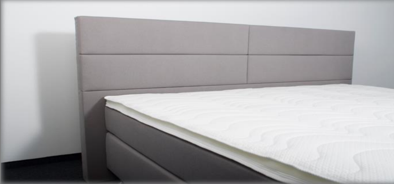
KT Space I
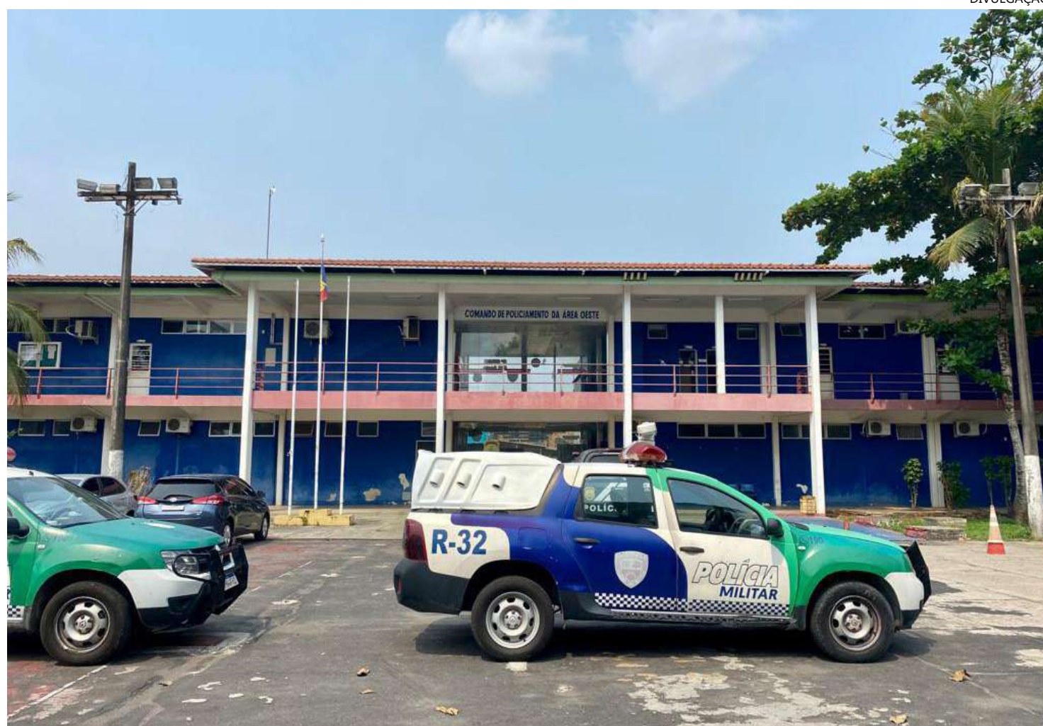
Equipes de saúde da Semsa vão atender os policiais militares nos Batalhões de Área

O primeiro a receber equipes de saúde distritais é o Batalhão Norte, na próxima quinta-feira (9), na sede do batalhão, localizada no bairro Cidade Nova. No dia 16 de novembro a ação será no Batalhão Oeste, no bairro
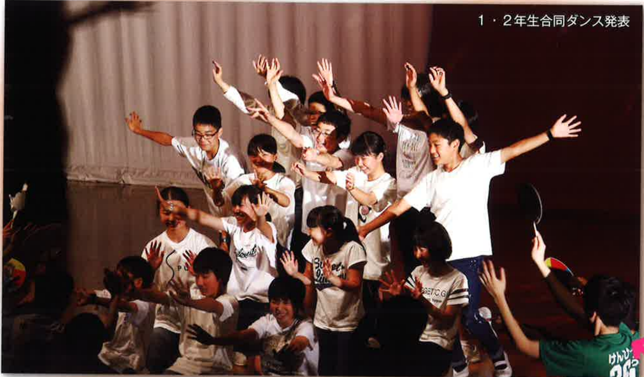
1・2年生合同ダンス発表
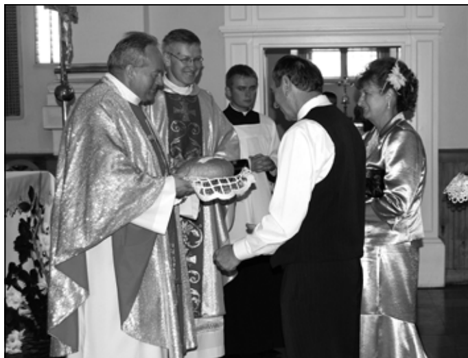
Dary ofiarne składają przedstawiciele Zagorzyc Górnych.
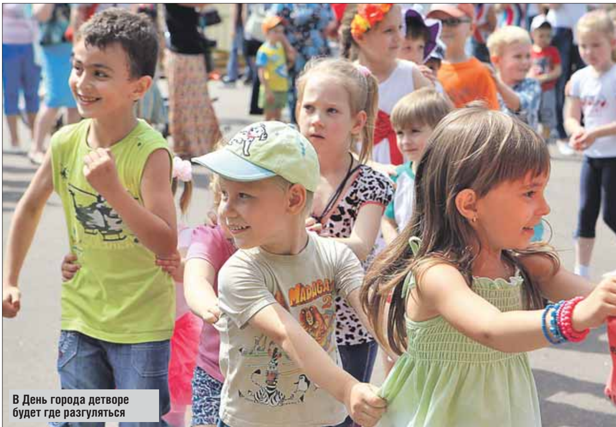
В День города детворе будет где разгуляться

6 сентября в каре Государева двора музея-усадьбы «Измайлово» (городок ул. Баумана, 2, стр. 14) состоится концерт «Тебе пою, любимый город!». Вы слушаете оркестр «Гусли-
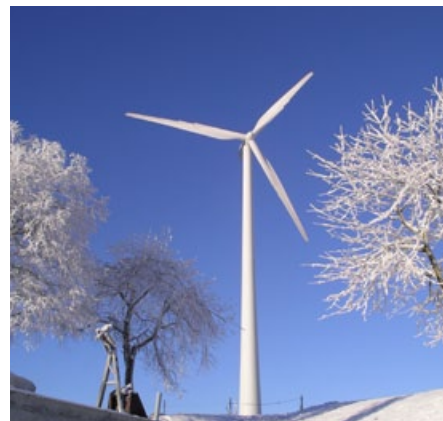
Entlebucher Anlage bekommt Schwester
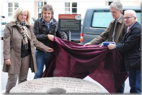
Neuwied Juli – August 2012
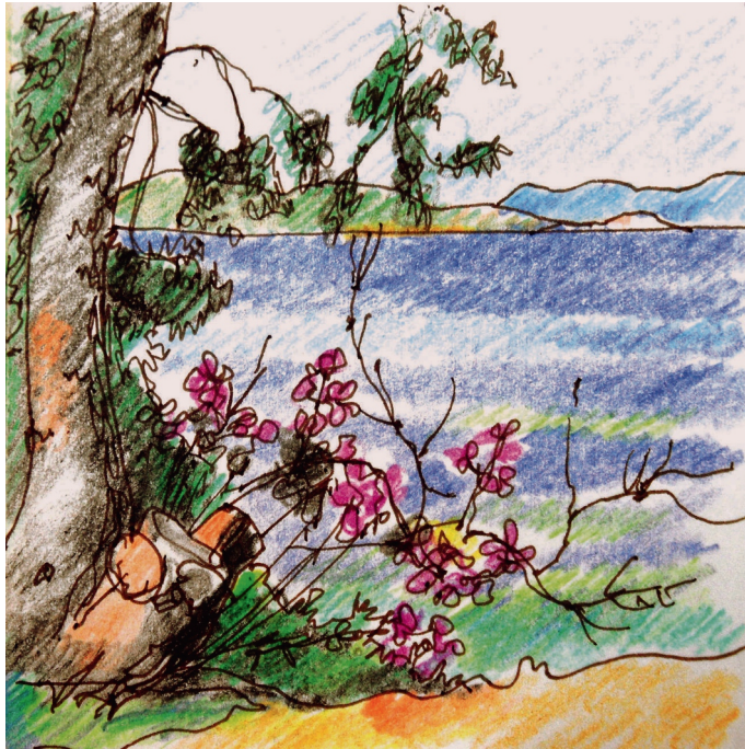
4 Ιουλίου. 8 πμ. Πλακάκια, απέναντι από το ξενοδοχείο Δανάη 3. 11:00 am. Plakakia, in front of Danae hotel

------------------------------

__Task requirements__
Find the line with "Entlebucher Anlage bekommt Schwester". Reproduce it and every line after it through the last line above exactly, leaving out the pictures.

__Task output__
Entlebucher Anlage bekommt Schwester
Neuwied Juli – August 2012
4 Ιουλίου. 8 πμ. Πλακάκια, απέναντι από το ξενοδοχείο Δανάη 3. 11:00 am. Plakakia, in front of Danae hotel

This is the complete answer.